Working with groups in the territory of undiscussables is quite something. It, invariably and understandably, results in conversations that are coloured by the lived and felt experience participants bring relative to their own ‘undiscussables’. The focus I bring is less on the undiscussables themselves, more the conditions that support us to leave things unsaid and hidden. This gives the group and me the safety and flexibility to talk around what matters, without feeling an obligation to reveal all. That is important.

What strikes me, having been working more in the space of undiscussables in human systems, is that there are some common and dominant themes emerging.

Many questions, stories opinions, fewer facts…

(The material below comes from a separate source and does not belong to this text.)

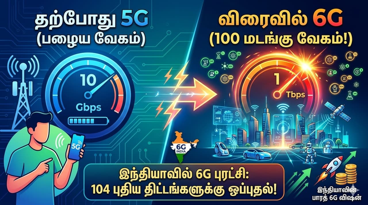 - 5G-ஐ விட 100 மடங்கு வேகம்! ஒரு நொடியில் சினிமா டவுன்லோட்! இந்தியாவில் 6G புரட்சி ஆரம்பம்!
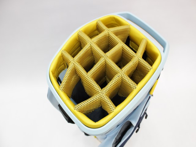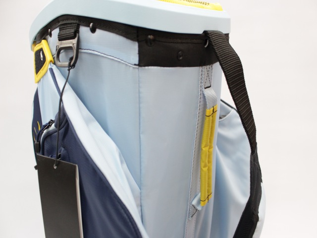 日本未発売USモデル!14分割(各差し口が底まできちんとセパレートされています)、実測口径約10インチ、重量約2.9kg、フード付です(ナイロンタイプの黒色です)。ネームプレートはありません。フロント上部ポケットの下にカートのベルトを通す隙間がありますので、日本のカートにも問題なく搭載できます。ラウンド中は前面ポケットが多く非常に便利です!

I am continually struck by the type of questions that participants bring, and how many of them are driven by the stories we tell ourselves. At a recent workshop, I asked the group what questions they were bringing. The following is a representative sample:

How dangerous is it really?

Once I’ve named it, what do I do with it?

What’s the risk to me?

How do you know what to leave in the shadows?

What if no-one else can see it?

What if I am the elephant?

Step 1: Separate Fact from Opinion, and surface Assumptions

Elephants tend to flourish in the Jungle of Un-fettered Opinion and Valley of Prophetic Fear. All of the above are driven and underpinned by stories of what might happen, based on often-unverified assumptions, which in turn drive opinions, beliefs and behaviour, and in turn feelings and emotions, not least fear. In each case, the elephant’s size is magnified the more the story that is told emphasizes or focuses on the perceived size, threat, danger and all round destructive potential of said beast. With each of the above questions, my starting point is to ask the question holder to separate the fact from opinion in their narrative, and challenge them where they are clinging to an assertion (effectively an assumption) that is not supported by reality. Without this, assumptions become the source of a ‘reality’ that has felt substance, if not a basis in fact.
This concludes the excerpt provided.